The Financial Services Authority (FSA) has discovered that nearly half of people who took advice from a financial adviser were unaware they were paying for the service.
In a survey of more than 2,000 people, the FSA found that 49% of financial advice customers or clients were unaware of the true cost of the commission payments made to their adviser after they had purchased a financial product.
Only 29% of consumers understood they would pay a fee or commission for financial advice.
33% of those who do not currently receive financial advice believed that the service was free.
These survey findings highlight the need for the new rules around remuneration transparency which are being introduced on 31st December.
From the end of this year, all financial advisers will have to agree an ‘adviser charge’ with their clients before providing advice.

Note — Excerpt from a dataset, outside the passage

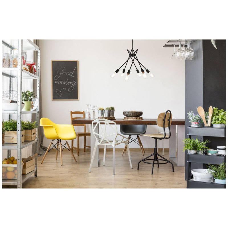 Greet guests with a warm and welcoming glow in the entryway or dress up your dining room for an upcoming dinner party with this eye-catching chandelier. Sure to make a statement in any setting, it is a metal frame takes on a sputnik-inspired silhouette with bursting rays of downward lighting. Six lights are distributed throughout, each exposed to create an even gleam. Installation is required for this hardwired dimmable fixture. Rods are adjustable to the desired height.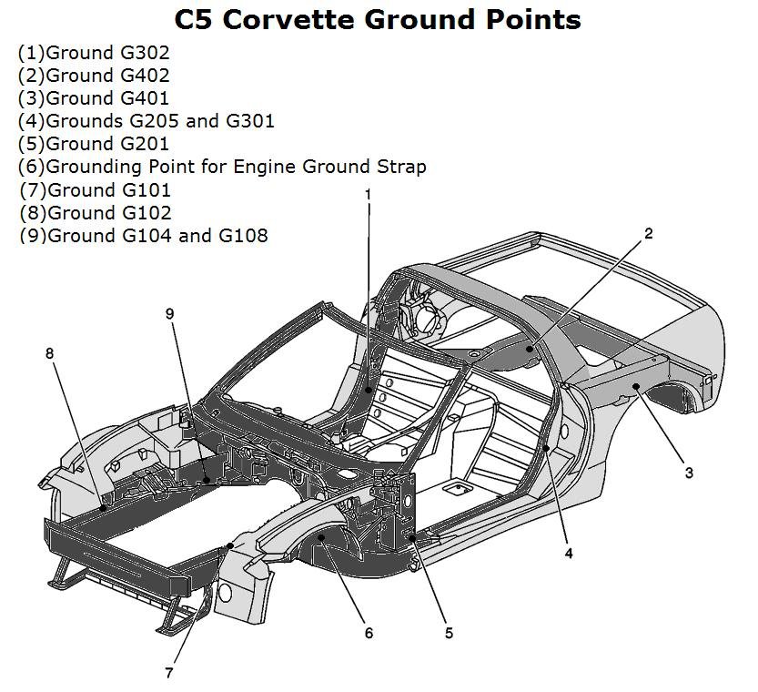 It is recommended that any C5 owner that has had or who are having electrical issues, examine and clean the chassis ground connectors. This may save you from needlessly replacing expensive electronic modules. Each ground connector can be disassembled and cleaned in about 20 min.

This adviser charge replaces the existing system of commission on the majority of investment and pension products, although it can still be paid from the product.

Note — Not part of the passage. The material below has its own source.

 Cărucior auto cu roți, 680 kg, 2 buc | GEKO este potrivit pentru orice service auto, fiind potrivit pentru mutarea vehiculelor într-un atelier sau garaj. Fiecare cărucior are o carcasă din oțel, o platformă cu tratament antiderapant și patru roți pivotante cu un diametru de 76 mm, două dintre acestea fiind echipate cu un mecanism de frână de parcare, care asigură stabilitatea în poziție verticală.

Where do these existing levels of commission and fee ignorance come from? Surely by now consumers are aware that financial advice is never ‘free’ and always comes at a cost?
We believe there are several reasons for the survey results.

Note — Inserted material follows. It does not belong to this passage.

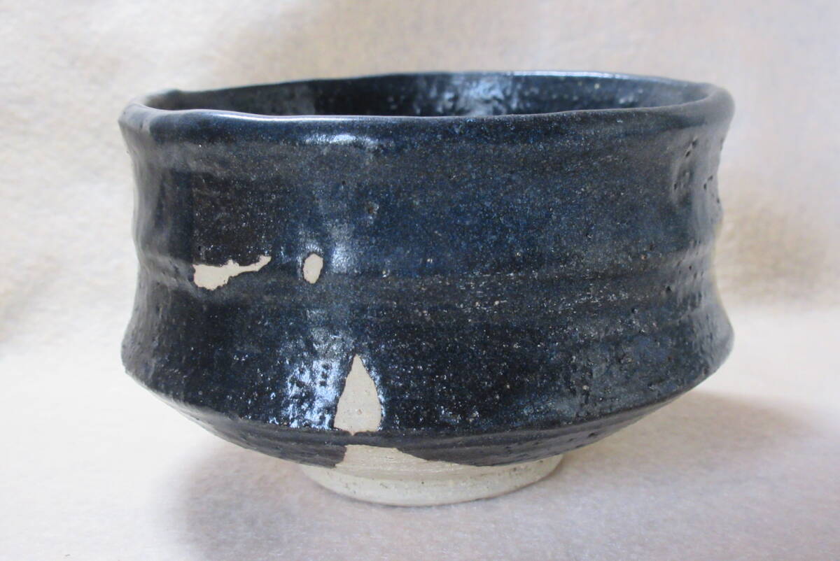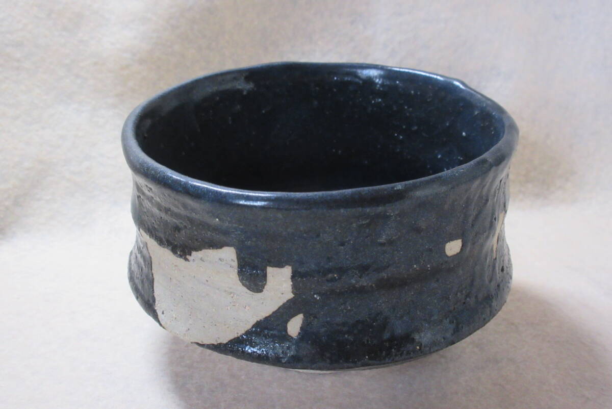 腰の張りの良い弱い沓形のやや小ぶりな織部黒の茶碗。

In the case of those individuals who do not currently receive advice, it is little surprise to hear that one third of them believe financial advice is free.
If they have never had the cost of advice properly explained by a financial adviser, then the current commission system can sometimes give the false impression that advice is somehow free – or at least paid for by a product provider.
Recent advertising by the Money Advice Service has also helped to perpetuate the ‘free advice’ myth.
It is those existing clients of financial advisers with the ‘advice is free’ belief that are more worrying.
The cost of advice should be properly explained by financial advisers at outset, and disclosed properly before advice is given and at the point a financial product is sold.
We have had robust rules around commission disclosure since 1995, so every consumer of a financial product should have been presented with a document explaining how much commission was being paid. Unfortunately, the mechanism behind the payment of this commission was not always so clear.
Independent financial advisers have been required to offer the option to pay a fee rather than receive commission for advice for several years. In some instances, we understand this has not been fairly presented, with the inference that commission was a ‘no cost’ option, compared to expensive fees.
Will the implementation of adviser charging on 31st December as part of the Retail Distribution Review go any way towards improving this situation and improving awareness of the cost of advice?
It might help in some instances, although we are already seeing examples of restricted salesforces replacing their existing commission model with a very similar looking adviser charging model, which will perpetuate the myth that advice is somehow ‘free’.
What savvy consumers will understand is that no business provides a commercial service free of charge.
Where an explicit cost is paid for advice, investors need to understand how this cost is paid and (most importantly) what value they receive in return for the cost.